Source : La Tribune, Romaric Godin, 29/12/2016

La BCE a-t-elle eu la dent trop dure contre Monte dei Paschi di Siena ? (Crédits : © Stefano Rellandini / Reuters)

La BCE a-t-elle eu la dent trop dure contre Monte dei Paschi di Siena ? (Crédits : © Stefano Rellandini / Reuters)

Le ministre italien de l’Économie critique l’opacité qui a accompagné l’exigence relevée de capitaux de la BCE concernant la banque italienne. L’Italie craint d’avoir voulu être victime d’une stratégie de communication de l’institution.

Décidément, l’union bancaire européenne, souvent présentée comme une des plus grandes réalisations de l’après-crise dans l’Union européenne, ne cesse de montrer ses limites. La Grèce, le Portugal et maintenant l’Italie ont renfloué leurs banques avec de l’argent public, malgré les promesses du nouveau mécanisme de résolution en vigueur depuis le 1er janvier qui devait bannir ces pratiques. Désormais, c’est le superviseur unique, la BCE, qui est dans le viseur. Ce jeudi 29 décembre, le ministre italien de l’Économie, Pier Carlo Padoan, a ouvertement critiqué sans détour les méthodes de l’institution de Francfort.

Vives critiques

La BCE a en effet relevé en début de semaine ses exigences de recapitalisation de la banque Monte dei Paschi di Siena de 5 à 8,8 milliards d’euros. Un relèvement qui a surpris le ministre. Certes, dans son interview au quotidien des affaires Il Sole-24 Ore, Pier Carlo Padoan prévient que le « conseil de supervision bancaire de la BCE est une autorité indépendante et que sa décision n’est pas contestable ». Mais il ajoute aussitôt que « il serait utile – je ne dis pas courtois – d’avoir de la part de la BCE quelques informations supplémentaires sur les critères avec lesquels elle est parvenue à cette évaluation ». Pier Carlo Padoan affirme avoir reçu une lettre de « cinq lignes et trois chiffres ».

La critique n’est pas seulement une amertume de la part d’un ministre contraint de dépenser davantage pour sauver Monte Paschi. C’est aussi une demande de transparence et de justice.

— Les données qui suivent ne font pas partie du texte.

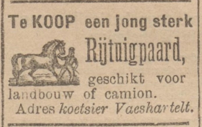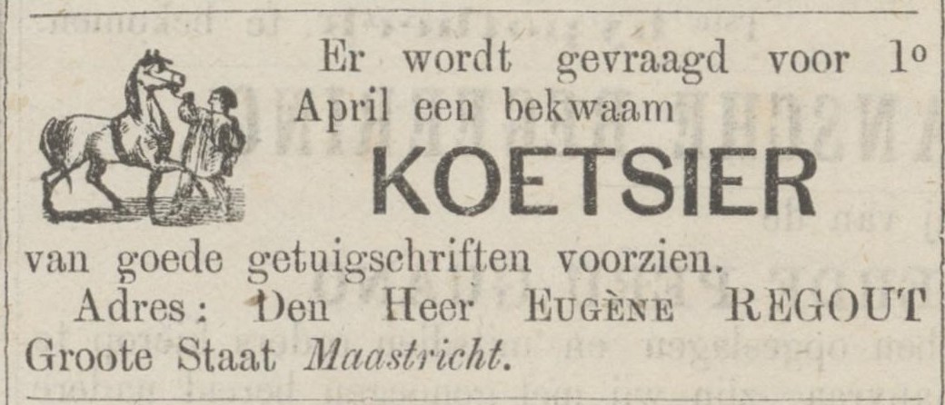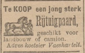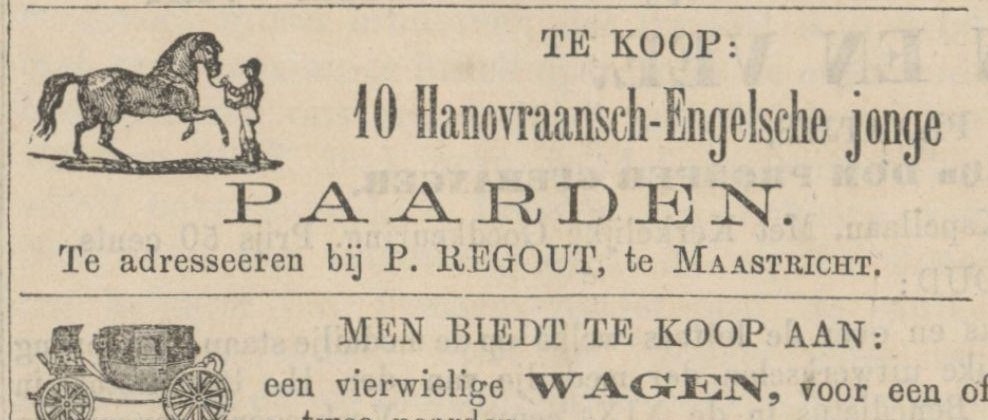 Ook een koetspaard bij Regout moest functioneel zijn. Limburger Koerier 5-5-1898.

« Une explication permettrait aussi aux autres banques de comprendre comment se comporter correctement quand elles se tournent vers la BCE », indique le ministre italien. Et de conclure : « le manque de transparence des informations se traduit par de l’opacité et les choses opaques conduisent à des interprétations presque toujours erronées ».

Derrière les termes choisis, le discours est clair : les décisions de la supervision unique de la BCE manquent de clarté et sont donc soumises à des soupçons d’arbitraire.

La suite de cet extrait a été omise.